The role of ornithine decarboxylase (ODC) in polyamine metabolism has long been established, but the exact source of ornithine has always been unclear. The arginase enzymes are capable of producing ornithine for the production of polyamines and may hold important regulatory functions in the maintenance of this pathway. Utilizing our unique set of arginase single and double knockout mice, we analyzed polyamine levels in the livers, brains, kidneys, and small intestines of the mice at 2 wk of age, the latest timepoint at which all of them are still alive, to determine whether tissue polyamine levels were altered in response to a disruption of arginase I (AI) and II (AII) enzymatic activity. Whereas putrescine was minimally increased in the liver and kidneys from the AII knockout mice, spermidine and spermine were maintained. ODC activity was not greatly altered in the knockout animals and did not correlate with the fluctuations in putrescine. mRNA levels of ornithine aminotransferase (OAT), antizyme 1 (AZ1), and spermidine/spermine-N(1)-acetyltransferase (SSAT) were also measured and only minor alterations were seen, most notably an increase in OAT expression seen in the liver of AI knockout and double knockout mice. It appears that putrescine catabolism may be affected in the liver when AI is disrupted and ornithine levels are highly reduced. These results suggest that endogenous arginase-derived ornithine may not directly contribute to polyamine homeostasis in mice. Alternate sources such as diet may provide sufficient polyamines for maintenance in mammalian tissues.

Ornithine deficiency in the arginase double knockout mouse.

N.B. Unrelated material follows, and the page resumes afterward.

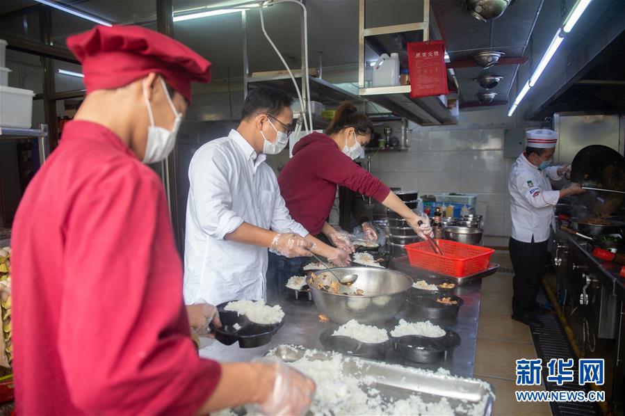 2月25日,餐厅工作人员准备要送的快餐。 王光华是海口一家餐厅的老板,在新冠肺炎疫情发生后,他看到很多一线的医护人员吃热饭菜有困难的消息,于是决定给海口市多家医院等免费送餐。自2月8日以来,王光华的餐厅已经给医护人员和社区防疫人员等送餐近2000份。 新华社发(张丽芸 摄)
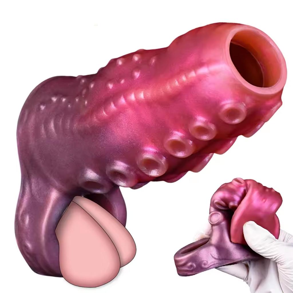Рукав для члена с открытой головкой Реалистичные присоски щупальца осьминога Чехол Удлинитель Анальный Вагинальный стимулятор Увеличитель пениса для большего

Knockout mouse models have been created to study the consequences of deficiencies in arginase AI and AII, both individually and combined. The AI knockout animals die by 14 days of age from hyperammonemia, while the AII knockout has no obvious phenotype. The double knockout (AI(-/-)/AII(-/-)) exhibits the phenotype of the AI-deficient mice, with the additional absence of AII not exacerbating the observed phenotype of the AI knockout animals. Plasma amino acid measurements in the double knockout have shown arginine levels increased roughly 100-fold and ornithine decreased roughly 10-fold as compared to wildtype. Liver ornithine levels were reduced to 2% of normal in the double knockout with arginine very highly elevated. Arginine and ornithine were also altered in other tissues in the double knockout mice, such as kidney, brain, and small intestine. This is the first demonstration that the fatal hyperammonemia in the AI knockout mouse is almost certainly due to ornithine deficiency, the amino acid needed to drive the urea cycle. Others have shown that the expression of ornithine aminotransferase (OAT) rapidly decreases in the intestine at the same age when the AI-deficient animals die, indicating that this enzyme is critical to the maintenance of ornithine homeostasis, at least at this early stage of mouse development. Although most human AI-deficient patients have no symptomatic hyperammonemia at birth, it is possible that clinically significant ornithine deficiency is already present.